Kalau tak ada rencana reshuffle, Presiden tak mungkin mengajukan tawaran itu. Namun, tawaran itu ditolak tiga ketua umum partai itu untuk menjaga eksistensi KMP di DPR. Memang, ada urgensi bagi Presiden untuk melakukan reshuffle kabinet. Presiden harus ekstrahati-hati dalam menyikapi aspirasi publik tentang harga kebutuhan pokok.

Tinggi-rendahnya popularitas pemimpin pemerintahan sedikit-banyak ditentukan oleh faktor yang satu ini. Karena itu, Presiden sebaiknya membentuk tim ekonomi yang kuat. Selain fokus pada proyek-proyek besar di bidang infrastruktur, tim ekonomi itu juga secara konsisten harus peduli pada isu kebutuhan pokok. Presiden Jokowi telah mengubah kebijakan subsidi energi.

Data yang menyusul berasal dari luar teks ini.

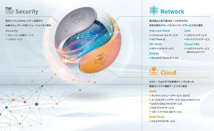 “WaveNETMate”は、企業ネットワーク(WAN/LAN)、クラウドサービス、セキュリティサービスをワンストップで提供する総合ネットワークサービスです。拠点間ネットワークのコスト削減や信頼性向上、社内LAN構築/運用の負荷低減、ネットワーク運用/監視のアウトソース等の課題解決に向け、国内外を問わず最適な環境を提案します。
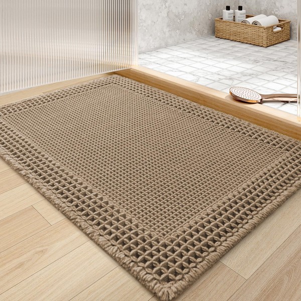 tchdio Waffle Bath Mat - Super Absorbent Bathroom Rugs Non Slip Washable, Quick Dry Bathroom Mat with Tassels, Boho Bath Mat Ultra Soft Bath Rugs for Bathroom Floor, 18"x30" Brown
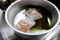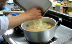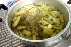 鍋に昆布10cmと鰹節20gを入れ、ゆっくり煮出す。粕汁のような場合は、昆布も鰹節と一緒に時間をかけてだしを引き出す |
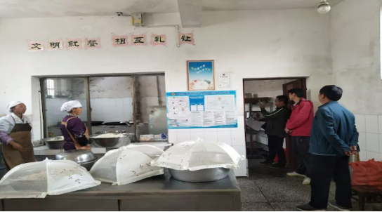 检查人员现场察看了学校食品经营许可证和健康证,食品采购索证索票等证件,仔细查验了学校食堂防蝇防尘防鼠设施、消毒设施、加工场所、加工过程、从业人员的个人卫生以及蔬菜肉类、食品加工半成品、调料品和米面油贮存情况,同时针对每所学校食堂存在的不足提出整改意见并督促立即整改落实。
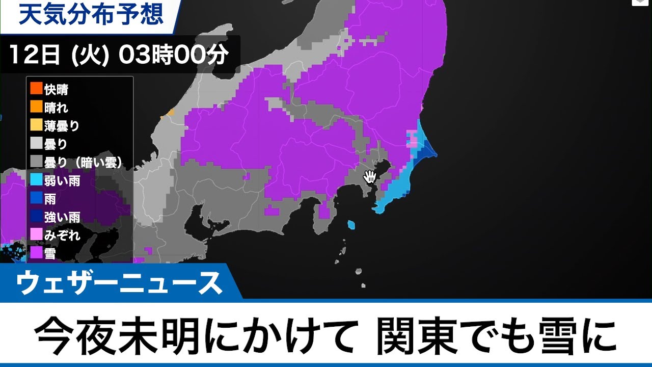 関東の南海上で発生する低気圧の影響で、11日(月)の夜から12日(火)の未明にかけて雨や雪の降りやすくなります。 東京都心では雪が降ったとしても路面に積雪となるほどではなく、社会的な影響はほとんどないとみています。 2020Casterウェザーニュースキャスターゲリラ豪雨ゲリラ雷雨ニュース予報北日本台風台風情報地震大雨天気天気予報情報東日本気象気象予報士減災西日本防災
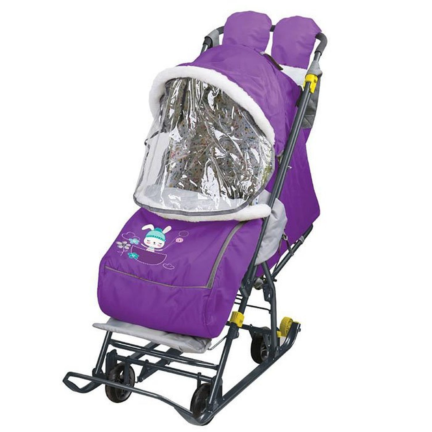 Функциональные санки-коляска - прекрасный транспорт для малыша в зимний период. Теплый чехол на ножки и складной капюшон надежно защитят от ветра, снега и мороза. В таких санках ребенку будет тепло и уютно. Санки очень удобны в эксплуатации. Тканевый чехол с утеплителем обладает прекрасными гигроскопическими свойствами. Спинка регулируется, так что малыш сможет с комфортом поспать во время прогулки. Также имеется муфта для мамы, чтобы возить санки было не холодно.
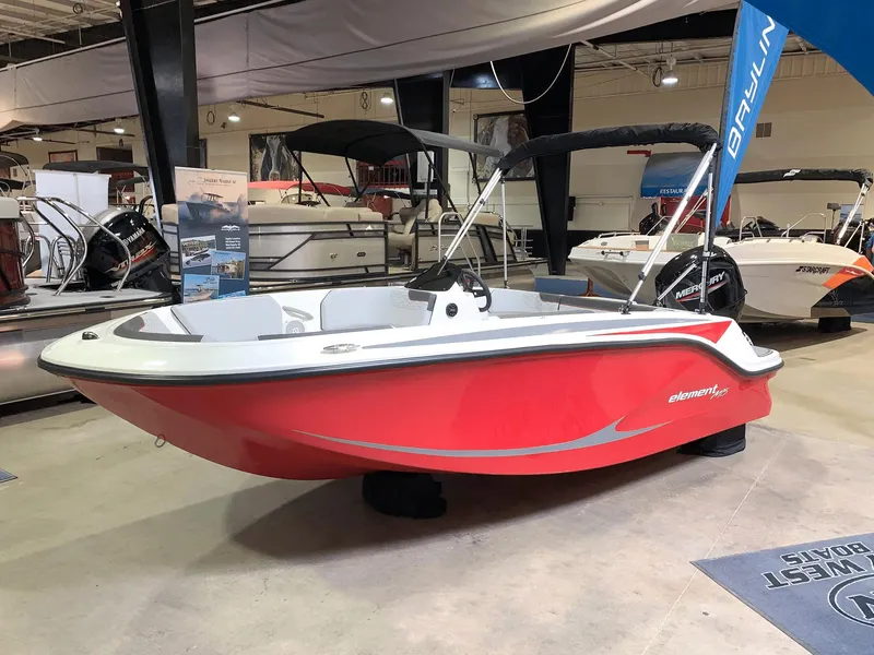 This 2024 Bayliner Element M15 deck boat is powered by a Mercury 50. It's a spacious 15-footer with comfortable seating and storage throughout. Standard features include a swimming ladder, 12-gallon fuel tank, and a 12V charging port.
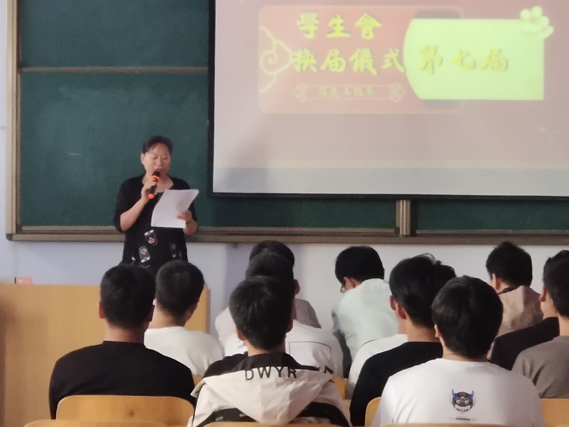 ????陈晓红主任代表信息工程系党总支讲话,对新一届当选的学生干部表示祝贺,对为学生会辛勤付出的往届学生干部表示感谢,感谢过去的一年里,学生会在系部学生科的组织领导下,坚持“自我教育,自我管理,自我服务”的工作中心,刻苦努力、积极进取、不断创新,开展了一系列卓有成效的工作。陈晓红对新一届的学生会和与会人员提出希望和要求:一,新一届学生会成员,要牢记学生会宗旨,勇于创新、锐意进取。二,希望每位学生干部都要树立“以服务为本”的工作理念,以服务学生,服务系部为己任。 三,希望全体学生会成员注重自身综合素质的培养和提高,并以此提高整个学生会的工作能力和工作水平。?四,希望学生会的各个部门,齐心合力,团结协作,增强学生会的凝聚力。
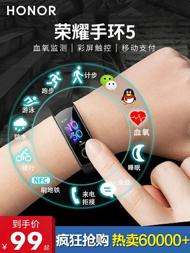 华为荣耀智能手环5NFC版运动手表4多功能3蓝牙跑步5i计步防水游泳心率睡眠男女官方原装正品
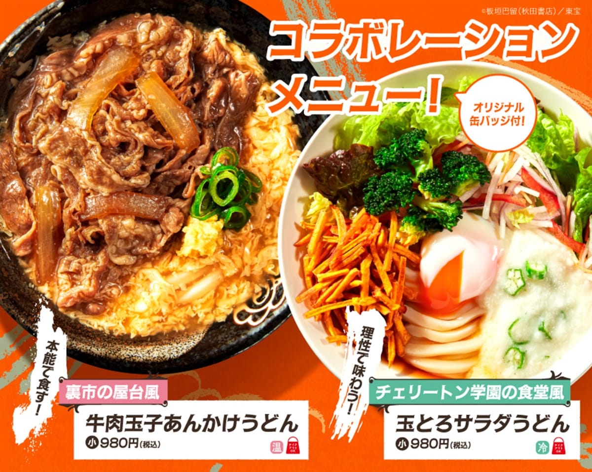 コラボメニューとして、「〔裏市の屋台風〕牛肉玉子あんかけうどん(温)」「〔チェリートン学園の食堂風〕玉とろサラダうどん(冷)」が登場する。
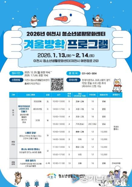 [경기남부뉴스 김혜숙 기자] 이천시 청소년생활문화센터가 2026년 정식 운영을 앞두고, 관내 청소년들의 알찬 겨울방학을 지원하기 위해 1월 13일부터 2월 14일까지 ‘2026년 겨울방학 프로그램’을 운영한다고 밝혔다.
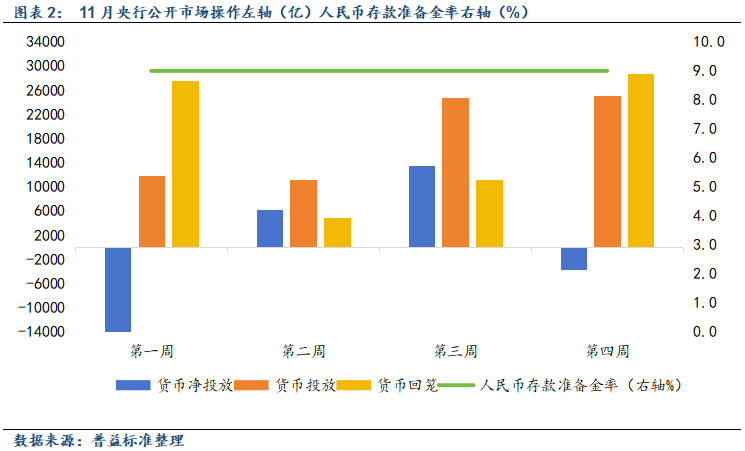 具体的,11月第一周有20680亿逆回购到期,当周仅续作了4958亿逆回购,同时投放了7000亿买断式逆回购,并有7000亿买断式逆回购到期,净回笼资金15722亿;第二周有4958亿逆回购到期,当周续作了11220亿逆回购,净投放资金6262亿;第三周有11220亿逆回购到期,当周续作了16760亿逆回购,并投放了8000亿买断式逆回购,净投放资金13540亿;第四周有16760亿逆回购到期,并有3000亿买断式逆回购到期,央行操作了15118亿逆回购,此外本周央行回收了9000亿MLF,当周MLF投放量为10000亿,净回笼资金3642亿。
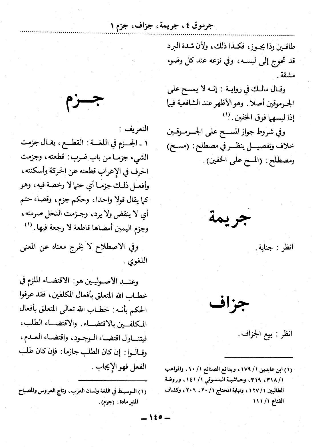(1) الوسيط في اللغة ولسان العرب، وتاج العروس والمصباح المنير مادة: (جزم) .
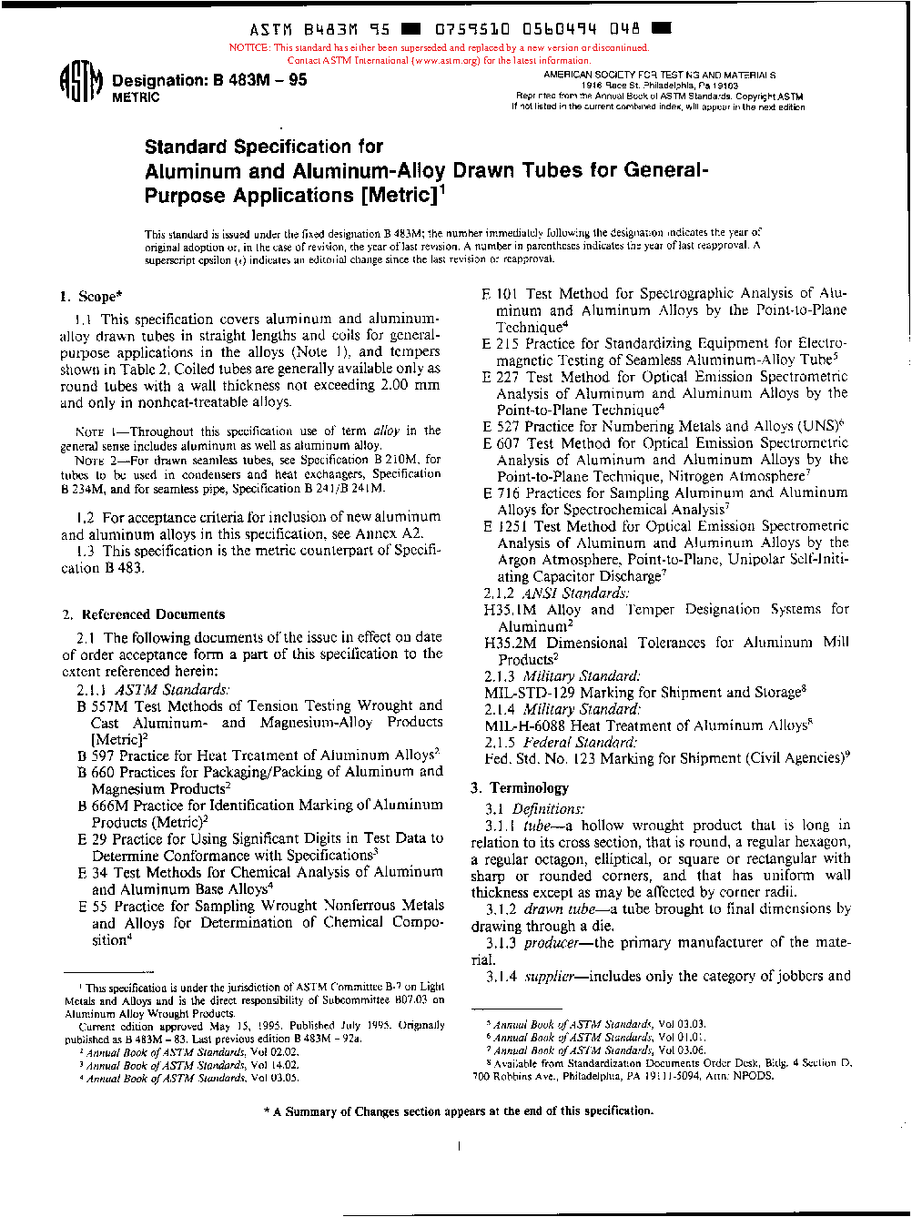 Specification for Aluminum and Aluminum-Alloy Drawn Tubes for General-Purpose Applications (Metric) (Withdrawn 1998)
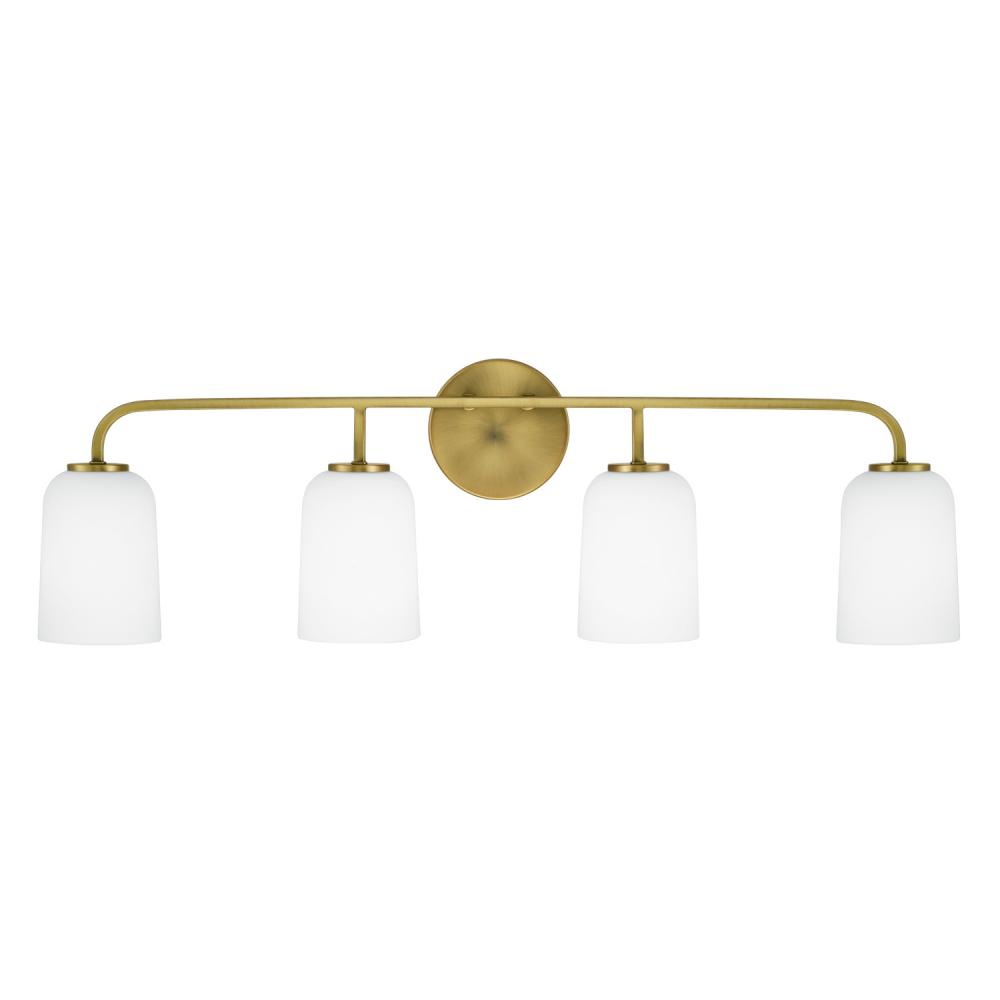 32.25"W x 9.75"H 4-Light Vanity in Aged Brass with Soft White Glass
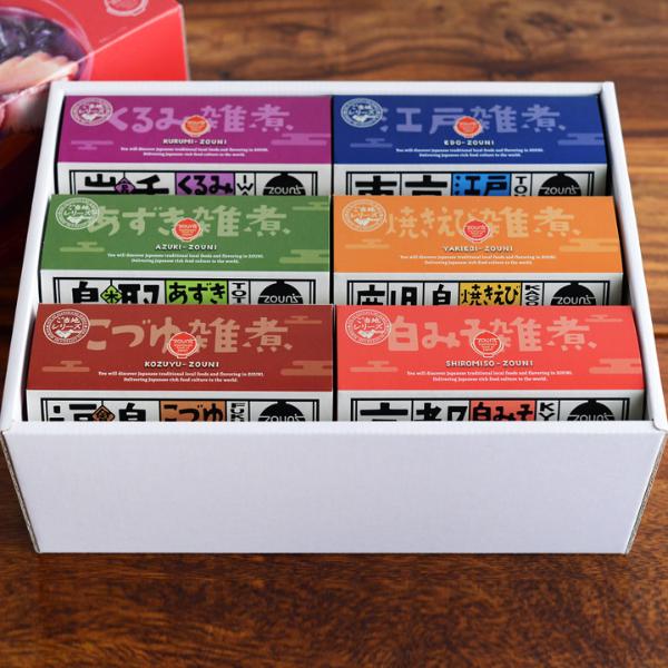 実は地域性が強い食べ物「お雑煮」を、都府県別に岩手、福島、東京、京都、鳥取、鹿児島の6種類食べ比べできるセット。お正月にワイワイ食べたり、いつものご飯の一品にも◎
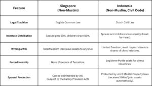 While both Singapore and Indonesia accommodate their diverse populations through separate legal frameworks for Muslims and non-Muslims, their secular laws diverge greatly. Singapore prioritizes the individual’s right to distribute their wealth as they see fit, reflecting its Common Law heritage. In contrast, Indonesia’s Civil Code prioritizes the preservation of bloodlines, legally forcing individuals to leave a portion of their wealth to direct descendants regardless of their personal wishes.
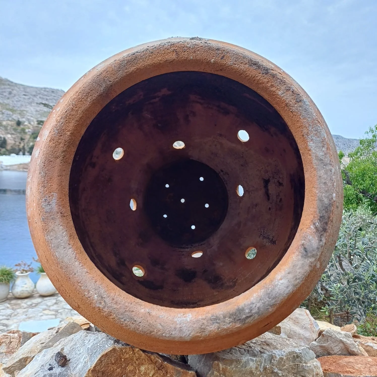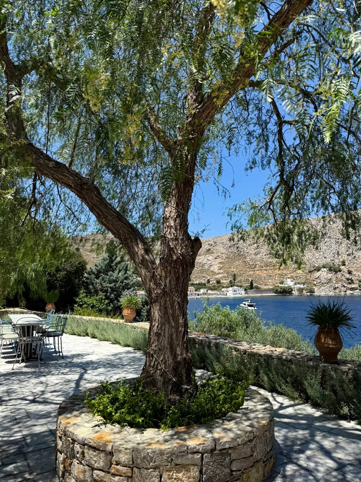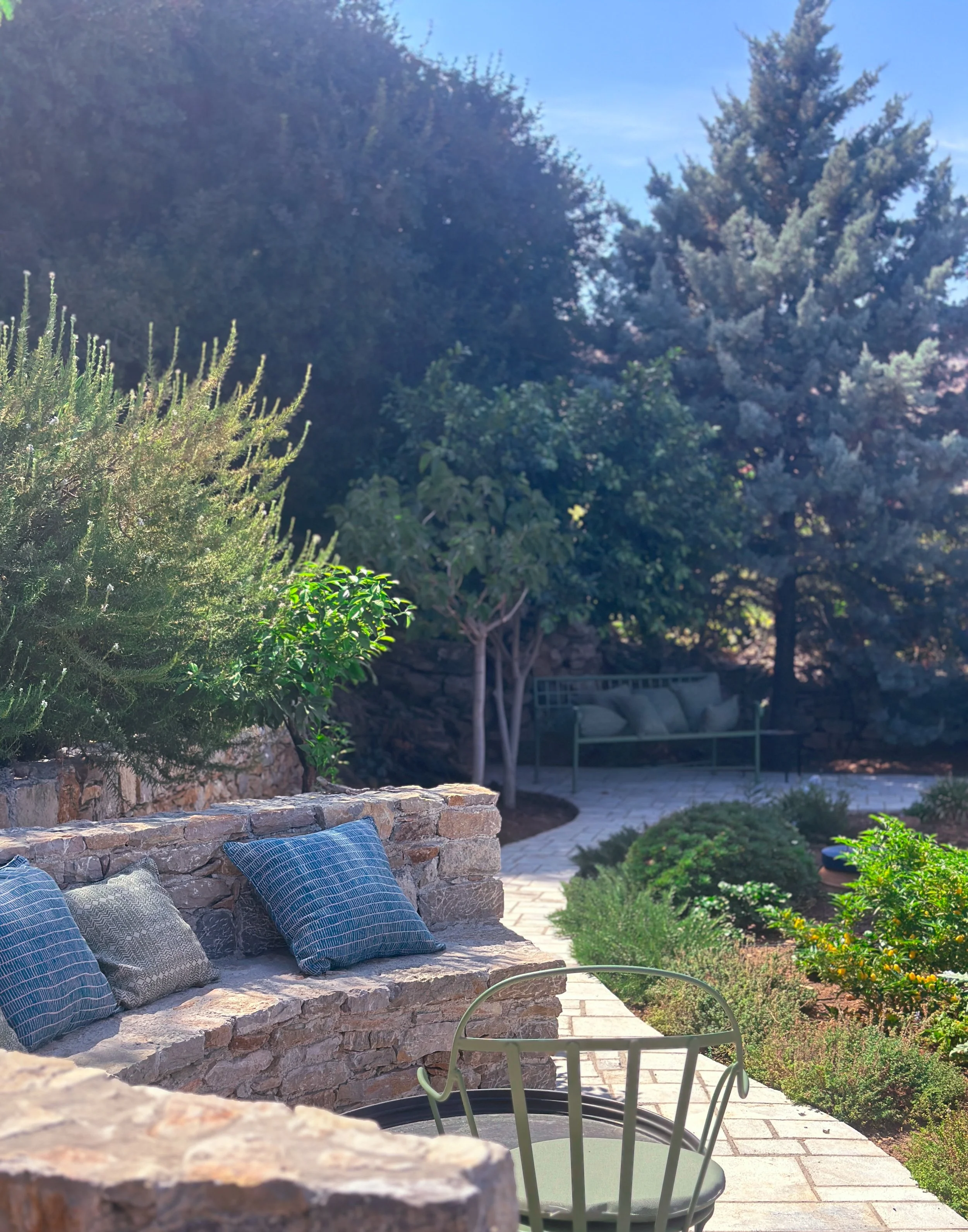 “I wanted the soil to be celebrated as the soul of this garden, alongside fragrant drought resistant planting & the sanctuary of cool dappled shade cradled by the ancient dry stone terrace walls. For Selene I researched and created a sustainable soil system based on my adaption of archaic methods. An integrated terracotta wormery system that I've called 'Amphora Composting' The amphora indigo lids sit in visual harmony with the terraces, the sea & the sky of Nimborio.

Perubahan mendasar yang dampaknya langsung dirasakan rakyat adalah membiarkan harga eceran bahan bakar minyak (BBM) dibentuk seturut mekanisme pasar. Harga BBM turun-naik tanpa disosialisasikan. Dampaknya sangat luas dan strategis karena menyentuh harga kebutuhan pokok dan tarif jasa angkutan. Harga dan tarif bisa turun-naik kapan saja.

Dalam situasi seperti itu, pemerintah tidak boleh diam saja. Pemerintah sebagai regulator harus hadir di pasar untuk menstimulus harga dan pasokan agar segala sesuatunya terkendali dan terjangkau oleh rakyat kebanyakan. Itulah pekerjaan besar yang harus selalu diantisipasi pemerintah pusat maupun pemerintah daerah di semua provinsi.

Konsekuensinya, harus ada koordinasi berkesinambungan antara tim ekonomi di Kabinet Kerja dan semua pemerintahan provinsi. Dalam agenda reshuffle kabinet, Presiden Jokowi hendaknya mempertimbangkan pentingnya sebuah tim ekonomi yang mampu mengamankan kebutuhan pokok rakyat.

Mengelola persoalan yang satu ini makin rumit. Rakyat hanya minta agar pemerintah sebagai regulator harus responsif. Pemerintah harus lebih sensitif terhadap ketidaknyamanan rakyat akibat lonjakan harga kebutuhan pokok.

Kita tidak ingin pemerintahan Jokowi ini hanya melahirkan republik komedi dengan kebijakan lucu-lucuan dan sembrono. Serta, Presiden yang kewenangan sudah terdiskon habis karena stigma petugas partai menjadi hanya setengah presiden.